- E3 European cover art
- Genres: Puzzle, shoot 'em up
- Developers: Kanta Matsuhisa (E2) Q Entertainment (E3 & E4) Sonic Blue (E4)
- Publishers: Every Extend Extra JP Bandai Namco Games NA/PAL Buena Vista Games Every Extend Extra Extreme Q Entertainment
- Platforms: Windows, PSP, Xbox 360
- First release: Every Extend March 29, 2004
- Latest release: Every Extend Extra Extreme October 17, 2007

= Every Extend =

Video game series

Every Extend (Note: (エブリ・エクステンド, Eburi ekusutendo)) is series of puzzle shoot 'em up video games primarily developed by Q Entertainment. The series began with a 2004 freeware game of the same name (also known as E2) for Windows, which was a personal project by Kanta Matsuhisa under the "Omega" pseudonym. Q Entertainment discovered the game online and approached Matshisa to develop a remix version. The remix version was developed for the PlayStation Portable and was released in 2006, titled Every Extend Extra (Note: (エブリ・エクステンド・エクストラ, Eburi ekusutendo ekusutora)) (or E3). In 2007, Q Entertainment developed and released a sequel on the Xbox 360 titled Every Extend Extra Extreme (Note: (エブリ・エクステンド・エクストラ・エクストリーム, Eburi ekusutendo ekusutora ekusutorīmu)) (or E4).

==Gameplay==

Xbox 360 version gameplay screenshot

In Every Extend, players control a ship with the only ability to detonate itself. Stages begin with a set time limit and enemies appearing on screen in randomized patterns. When the player detonates their ship and an enemy is caught in its blast radius, the enemy will explode and have its own blast radius that other enemies can get caught in, causing a chain reaction. The goal is to destroy the maximum number of ships on screen by positioning and detonating at the right moment, setting off a chain reaction of explosions and earning combo bonus. The first enemy in a chain is worth 10 points and each successive blast doubles in value up to a maximum of 2560 points. Blowing oneself up takes away from one's overall 'stock' of lives. Additional lives are gained after a certain number of points have been obtained. The requirement to obtain lives increases after each new life gained.

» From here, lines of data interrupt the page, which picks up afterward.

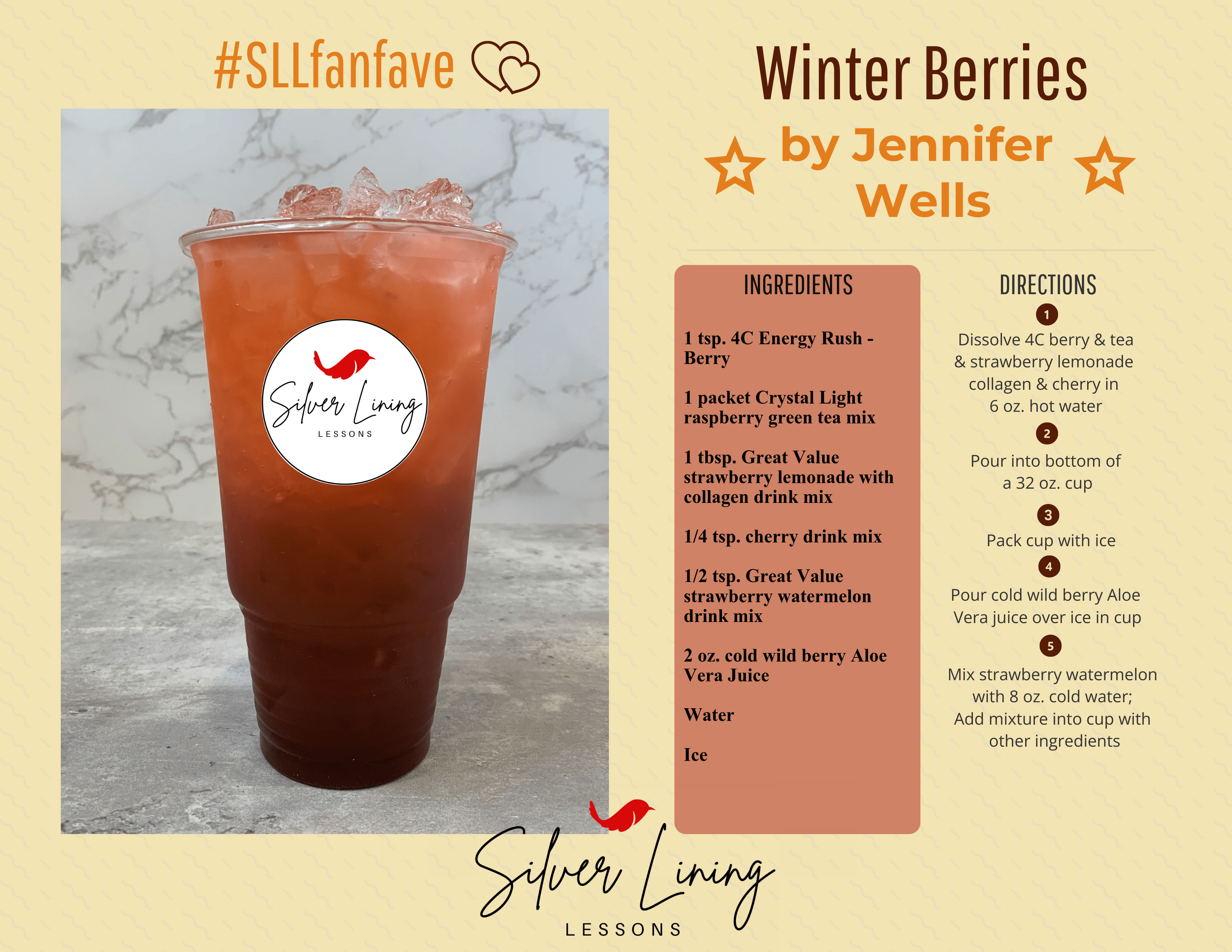 - 1 tbsp. Great Value strawberry lemonade with collagen drink mix
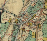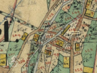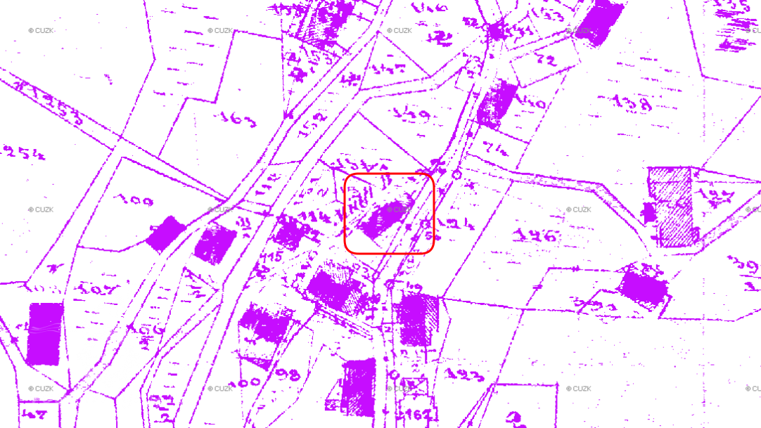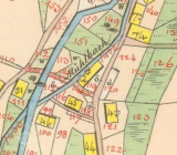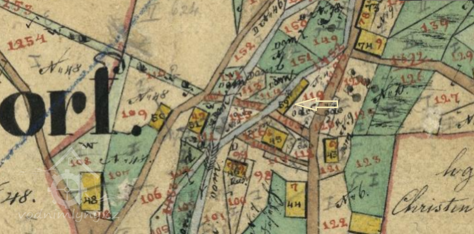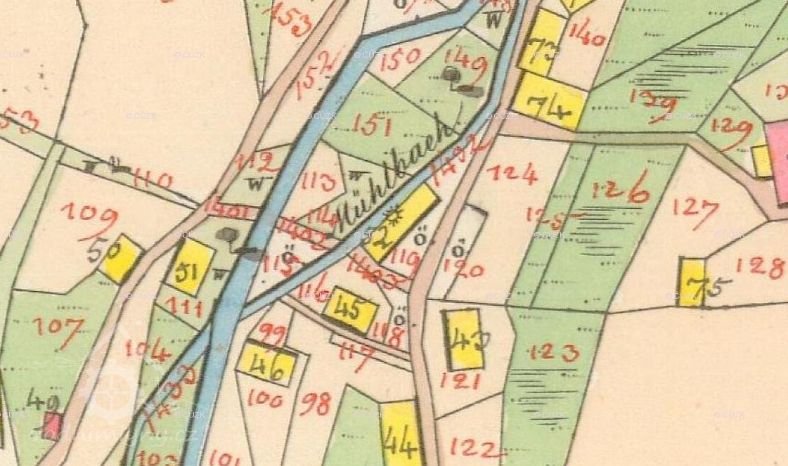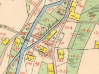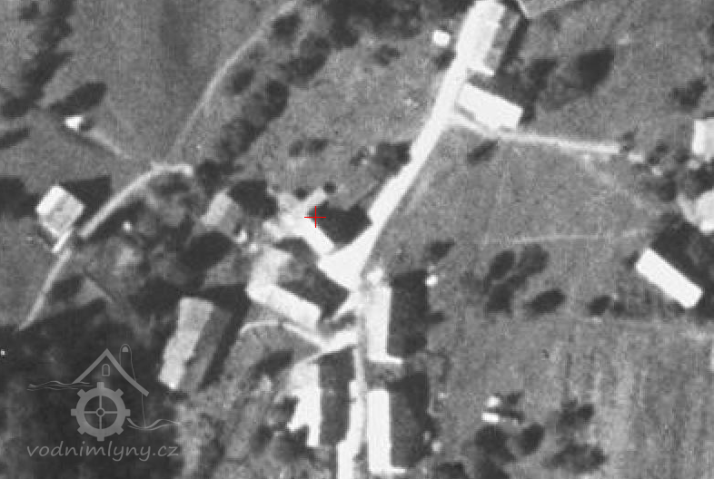 Původní dřevěná budova mlýna je na císařském otisku zakreslena severněji, nynější budova byla postavena později.
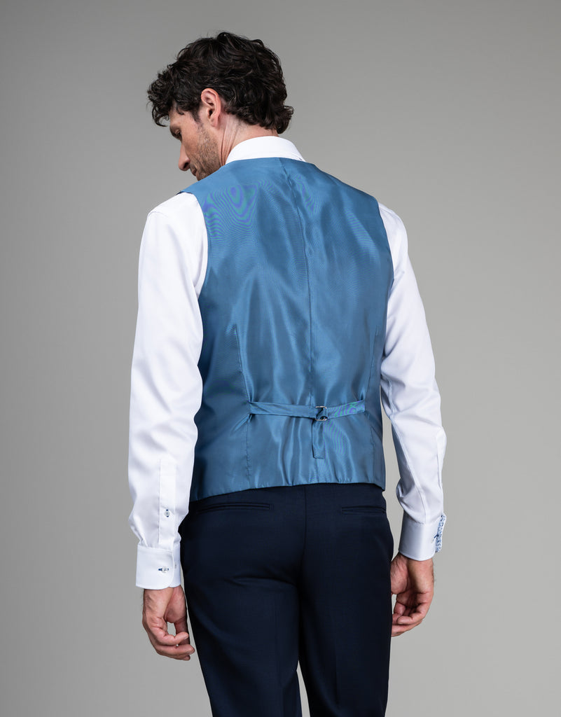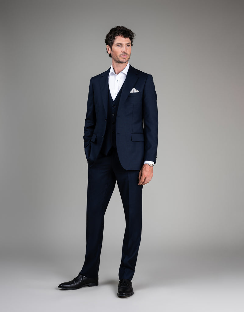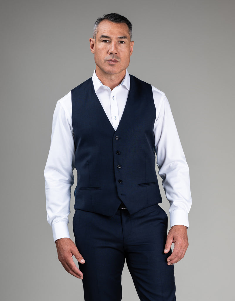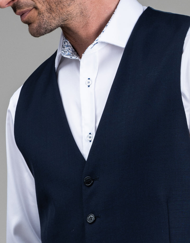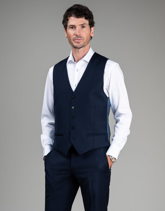 The Churchill Navy Waistcoat adds depth and formality to your look. Made from 100% merino wool and finished with a traditional five-button front, it pairs effortlessly with the Cooper Jacket and Lotus Trouser for a complete, coordinated three-piece suit.
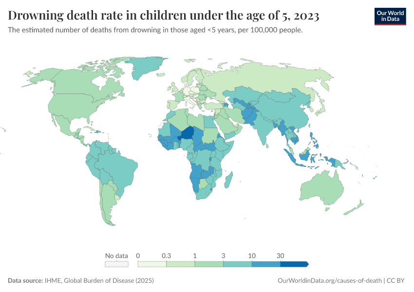 IHME, Global Burden of Disease (2025) – with major processing by Our World in Data. “Drowning death rate in children under the age of 5” [dataset]. IHME, Global Burden of Disease, “Global Burden of Disease - Deaths” [original data]. Retrieved February 25, 2026 from https://data-unoosa-launches.owid.pages.dev:8789/20260211-174736/grapher/drowning-death-rates-under-5.html (archived on February 11, 2026).

Green enemies drop point bonus items that begin at 800 points, and if collected continuously without detonating or losing a life, they increase by an additional 800 points. Pink enemies drop quickens which raises the speed of enemies and spawn rate. Mini-bosses drop yellow items that grants 10-second time extensions. If the ship is destroyed without detonating, the player receives a 5-second penalty. Pulse bombs don't drop items or bonus but instead charge and detonate a wider range than normal once defeated. If the player runs out of lives or time, they lose the game

In Every Extend Extra and Every Extend Extra Extreme, each stage has its own unique music, background, enemy design, and bosses. It also adds varying explosion types to the Every Extend template, which can link chains in different ways, as well as a "charge" feature. By holding down the explosion button, players can charge the bomb; the longer the button is held, the larger the blast radius, expanding the possibility for chaining explosions. Quickens dropped by enemies increase the speed of both the player and the enemy, as well as the speed of that stage's music. Each stage is played out to a time limit, with a boss character appearing at a set point towards the end. Rather than attacking the boss directly, the player relies on destroying the required number of regular enemies near the boss to cause a 'hit'.

===Modes===
There are two modes in Every Extend: Light mode and Heavy mode. Light mode is easier and has a single boss at the end of the stage named "AKR-I-C-E". Heavy mode is more difficult and offers a boss named "KW MOTOR". An alternative boss named "A-BA HEDRON" can be encountered if the player manages to collect seven quickens, have over 5 lives remaining and accumulated over 800,000 points. Bosses are required to be defeated using only chain attacks

Every Extend Extra adds four new modes: 'Arcade', 'Caravan', 'Boss Attack', with the original Every Extend labeled as 'Original'. In Arcade mode players must work their way through the stage and defeat the boss at the end in order to move on to the next stage. Arcade mode is made up of seven stages as well as two special hidden stages. In Caravan, players can choose from any of the stages that were previously unlocked in Arcade mode and compete for a high score. Boss Attacks has two modes: Solo and Rush. In Solo, players can face-off against a single boss. In Rush, players can battle one after another until all the bosses are defeated.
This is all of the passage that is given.